Trichosporon Infections Workup
- Author: Ryan C Maves, MD, FACP, FIDSA; Chief Editor: Mark R Wallace, MD, FACP, FIDSA more...
The diagnosis of trichosporonosis is usually confirmed by a positive blood culture result obtained in the evaluation of a febrile (typically neutropenic) patient.
Important laboratory tests include blood culture sets, blood chemistries and hepatic transaminases, alkaline phosphatase, bilirubin, lactic acid dehydrogenase (LDH), and urinalysis with urine culture.
Urine cultures may be the first to grow Trichosporon in the setting of disseminated disease, and it should not be presumed to be a contaminant or colonizer in the high-risk host (ie, in the setting of neutropenic fever).
Trichosporon and C neoformans are closely related organisms and share a number of surface antigens. As such, the latex agglutination test results for serum cryptococcal antigen is often positive in the setting of disseminated trichosporonosis (except trichosporonosis due to B capitatus ). This widely used, rapid, and inexpensive test may provide an early clue about a Trichosporon infection. Because of changes in cell wall conformation, these test results may become negative during antifungal therapy, but newly negative test results do not imply a response to therapy.

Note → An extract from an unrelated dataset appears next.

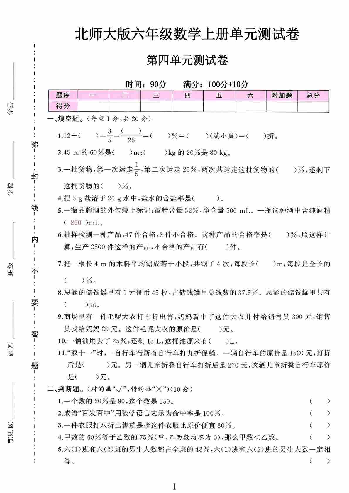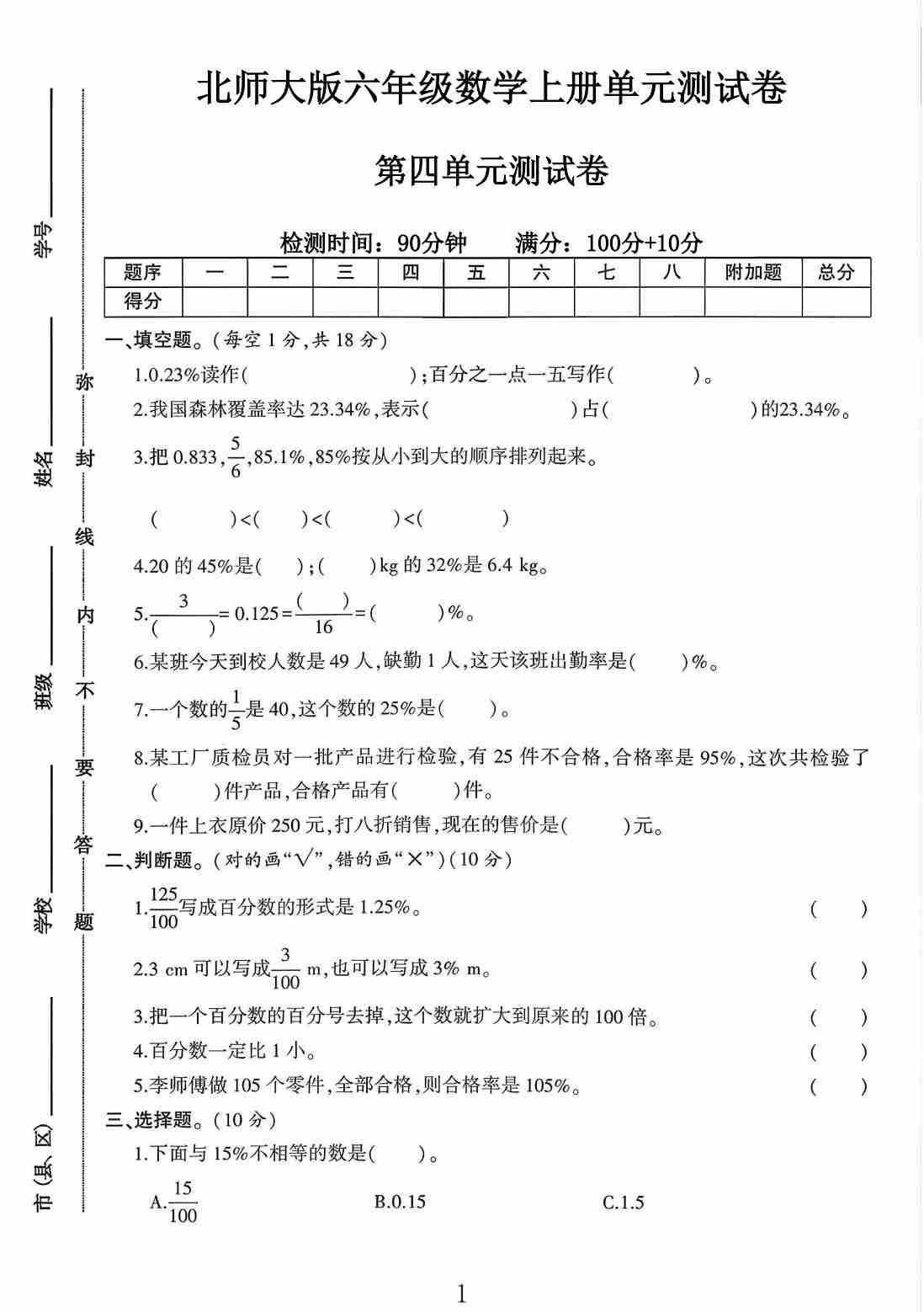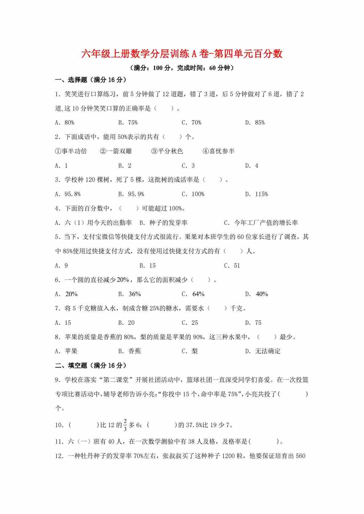 六年级(上)北师版数学第四单元百分数单元测试A卷
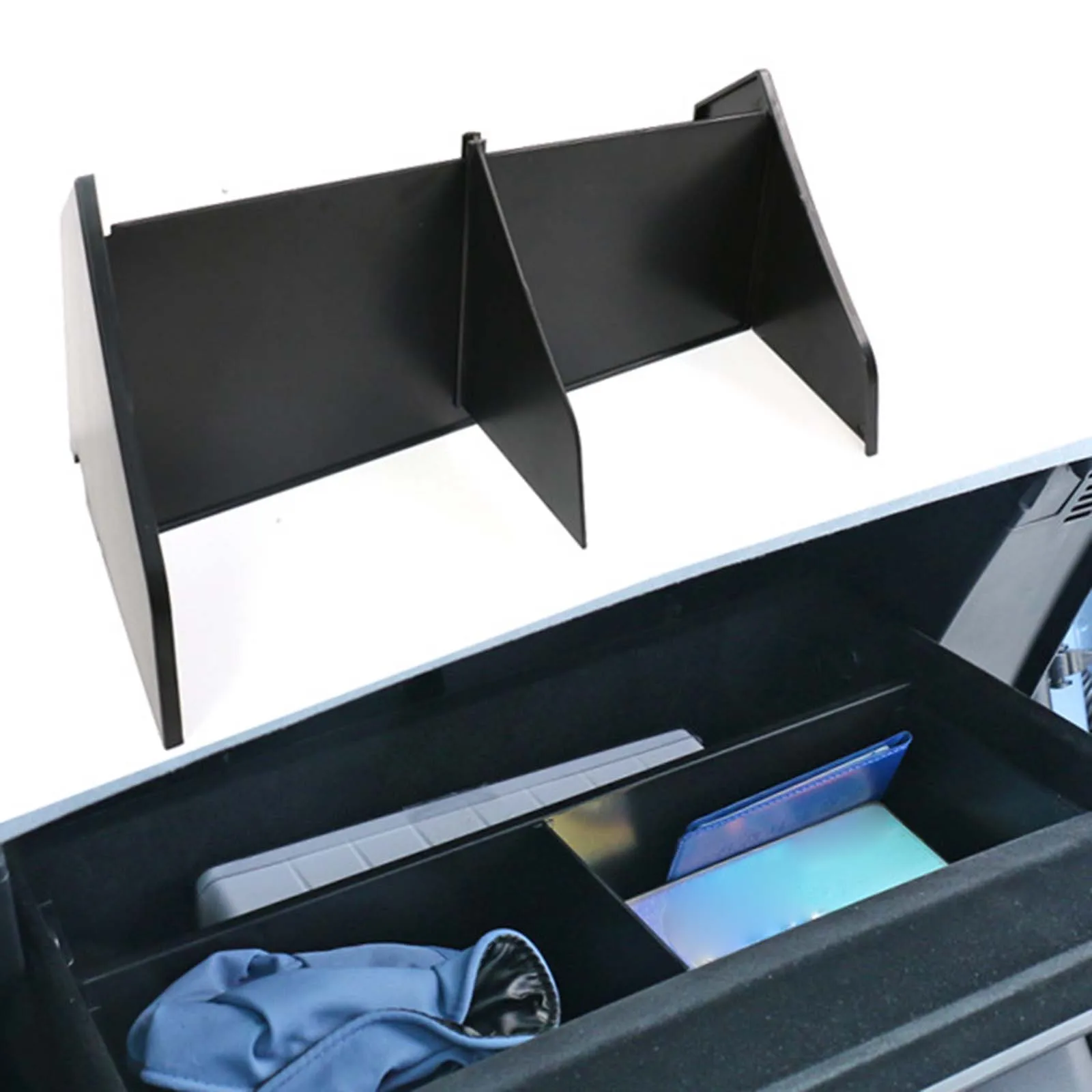 Function: The partition board is used to divide the space into 3Pcs space, split up the storage space of the glove box, making it look well organized, keep tidy, You can store cell phone, gloves and so on.

Investigational methods of rapid molecular diagnostics, such as DNA-based microarrays, polymerase chain reaction (PCR), and pyrosequencing, are in development but are not yet widely available for clinical use.[36, 37]

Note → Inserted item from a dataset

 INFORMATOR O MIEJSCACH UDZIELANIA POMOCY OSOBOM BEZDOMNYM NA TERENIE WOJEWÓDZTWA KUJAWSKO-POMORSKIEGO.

Radiologic evaluation should include a chest radiograph and CT scans of the abdomen and pelvis. A CT scan of the chest is also frequently useful in the evaluation of the pulmonary infiltrate in the patient population at risk for Trichosporon infection, but confirmation of the diagnosis should rely on a tissue sample or on another useful clinical sample. Depending on the clinical picture, a CT scan or MRI of the brain may be indicated.
Endocarditis is rarely reported[16, 33] but is associated with high mortality rate (82% in a single series). Patients with prosthetic heart valves or persistently positive blood culture results should undergo echocardiography.

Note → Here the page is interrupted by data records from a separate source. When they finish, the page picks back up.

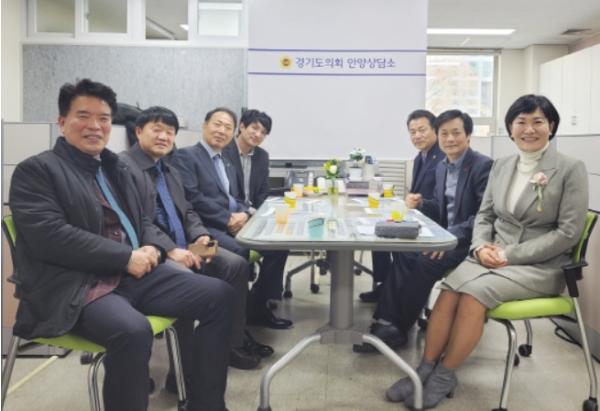 [한국뉴스타임=편집국] 경기도의회 문형근 의원(더민주, 안양3), 김성수 의원(더민주, 안양1), 이채명 의원(더민주, 안양6), 장민수 의원(더민주, 비례의원)은 9일 도의회 안양상담소에서 안양시 장영근 부시장, 이병준 기획경제실장과 함께 안양시 지역발전에 대한 정담회를 개최했다.
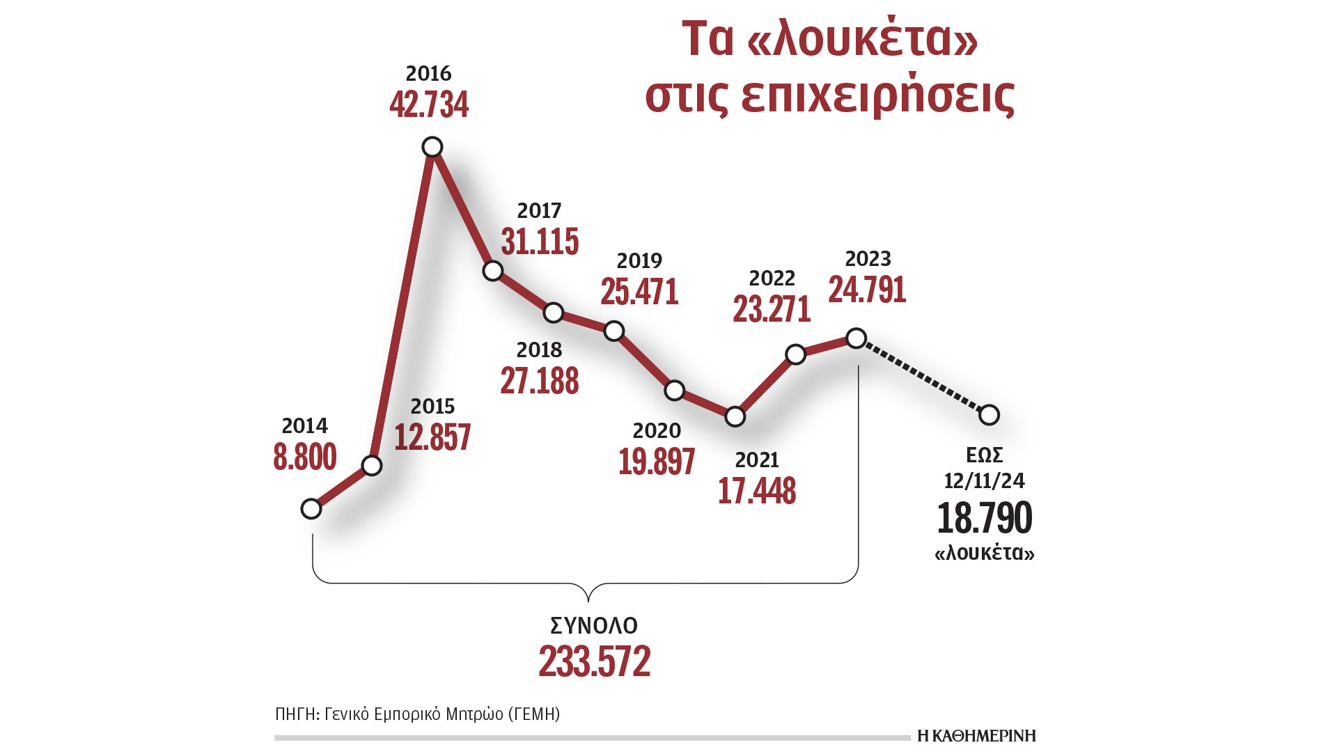 Σε ό,τι αφορά την τρέχουσα χρονιά, τα στοιχεία του ΓΕΜΗ δείχνουν ότι από τις αρχές του έτους μέχρι και χθες έκλεισαν 18.790 επιχειρήσεις, κατά 7,62% λιγότερες σε σύγκριση με το αντίστοιχο διάστημα του 2023. Σχεδόν 5.000 είναι εμπορικές, 3.500 είναι επιχειρήσεις καταλυμάτων και εστίασης, ενώ οι μεταποιητικές είναι 1.034. Σε κάθε περίπτωση, το ισοζύγιο στη δεκαετία 2014-2023 είναι θετικό και εξακολουθεί να είναι και φέτος. Ετσι, τη δεκαετία 2014-2023 άνοιξαν, σύμφωνα με τα στοιχεία του ΓΕΜΗ, 449.054 επιχειρήσεις, ενώ φέτος έχουν ανοίξει μέχρι στιγμής 56.133, κατά 3,54% περισσότερες σε σύγκριση με το αντίστοιχο περυσινό διάστημα.
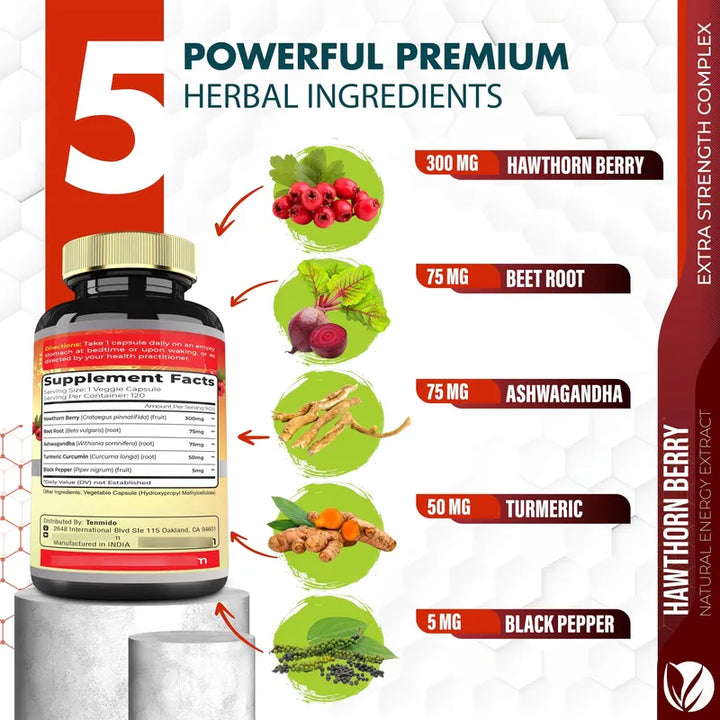 Nuestra fórmula 5 en 1 combina magistralmente los beneficios de la baya de espino, raíz de remolacha, ashwagandha, cúrcuma y pimienta negra. Esta mezcla no solo apoya tu sistema inmunológico, sino que también promueve la salud del corazón, mejora el estado de ánimo y aumenta la energía. Estás frente a una solución holística que abarca todos los aspectos cruciales de tu bienestar. 🌿

When pulmonary infiltrates are present, bronchoscopy is a useful means of obtaining samples if the patient can tolerate the procedure. Positive culture results from a bronchial lavage support the diagnosis.
Open-lung biopsy may be required for definitive diagnosis because of the large number of viral, bacterial, protozoal, and fungal pathogens that can cause disease in patients with pulmonary infiltrates.
Lesions of the GI tract may be accessible for biopsy and may yield a diagnosis before blood cultures return positive findings.
Skin lesions occur in roughly 10% of patients with disseminated trichosporonosis. Biopsy of suspicious lesions in immunocompromised patients with fever may facilitate early diagnosis.
Liver lesions or other visceral lesions may also require biopsy for diagnosis and optimal management.
Grossly, infected tissues may contain micronodules (0.5-1.0 cm), occasionally surrounded by red rims. The GI tract may demonstrate ulceration and erosion associated with hemorrhage and hemorrhagic infarction.
Microscopic examination of a nodule may reveal a necrotic center with fungal elements either in a starburst pattern or more loosely organized. Fungal elements may be observed invading the vasculature. Visualization of blastoconidia, arthroconidia, hyphae, and pseudohyphae in a histologic section supports the diagnosis of invasive Trichosporon infection.[7, 13] The cellular inflammation surrounding the fungal elements may vary, occasionally associated with hemorrhage. Granulomatous inflammation with multinucleated giant cells has been reported.